An einem Junimorgen gegen sieben Uhr kam Thiel aus dem Dienst. Seine Frau hatte nicht so bald ihre Begrüßung beendet, als sie
schon in gewohnter Weise zu lamentieren begann. Der Pachtacker, welcher bisher den Kartoffelbedarf der Familie gedeckt hatte, war vor Wochen
gekündigt worden, ohne dass es Lenen bisher gelungen war, einen Ersatz dafür ausfindig zu machen. Wenngleich nun die Sorge
um den Acker zu ihren Obliegenheiten gehörte, so musste doch Thiel einmal übers andere hören, dass niemand als er daran
schuld sei, wenn man in diesem Jahre zehn Sack Kartoffeln für schweres Geld kaufen müsse. Thiel brummte nur und begab sich,
Lenens Reden wenig Beachtung schenkend, sogleich an das Bett seines Ältesten, welches er in den Nächten, wo er nicht im
Dienst war, mit ihm teilte. Hier ließ er sich nieder und beobachtete mit einem sorglichen Ausdruck seines guten Gesichts das
schlafende Kind, welches er, nachdem er die zudringlichen Fliegen eine Weile von ihm abgehalten, schließlich weckte. In den
blauen, tiefliegenden Augen des Erwachenden malte sich eine rührende Freude. Er griff hastig nach der Hand des Vaters, indes
sich seine Mundwinkel zu einem kläglichen Lächeln verzogen.

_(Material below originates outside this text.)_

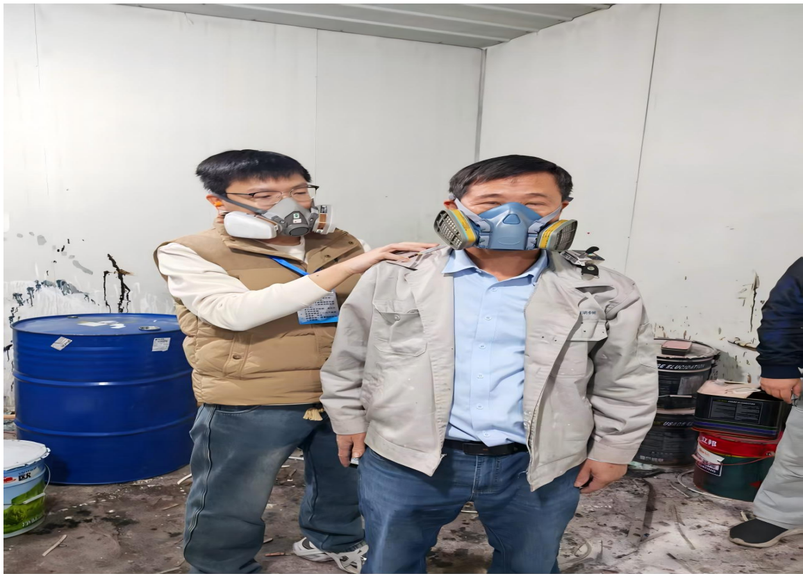
HONOR Magic7 Pro

Der Wärter half ihm sogleich beim Anziehen der wenigen
Kleidungsstücke, wobei plötzlich etwas wie ein Schatten durch seine Mienen lief, als er bemerkte, dass sich auf der rechten,
ein wenig angeschwollenen Backe einige Fingerspuren weiß in rot abzeichneten.

Lene wollte das anfänglich nicht glauben. Nach und nach wichen jedoch ihre Zweifel, und nun geriet sie in merklich gute Laune. Ihre Fragen nach
Größe und Güte des Ackers sowie andre mehr verschlangen sich förmlich, und als sie erfuhr, dass bei alledem noch zwei
Zwergobstbäume darauf stünden, wurde sie rein närrisch. Als nichts mehr zu erfragen übrig blieb, zudem die Türglocke des
Krämers, die man, beiläufig gesagt, in jedem einzelnen Hause des Ortes vernehmen konnte, unaufhörlich anschlug, schoss sie davon,
um die Neuigkeit im Örtchen auszusprengen.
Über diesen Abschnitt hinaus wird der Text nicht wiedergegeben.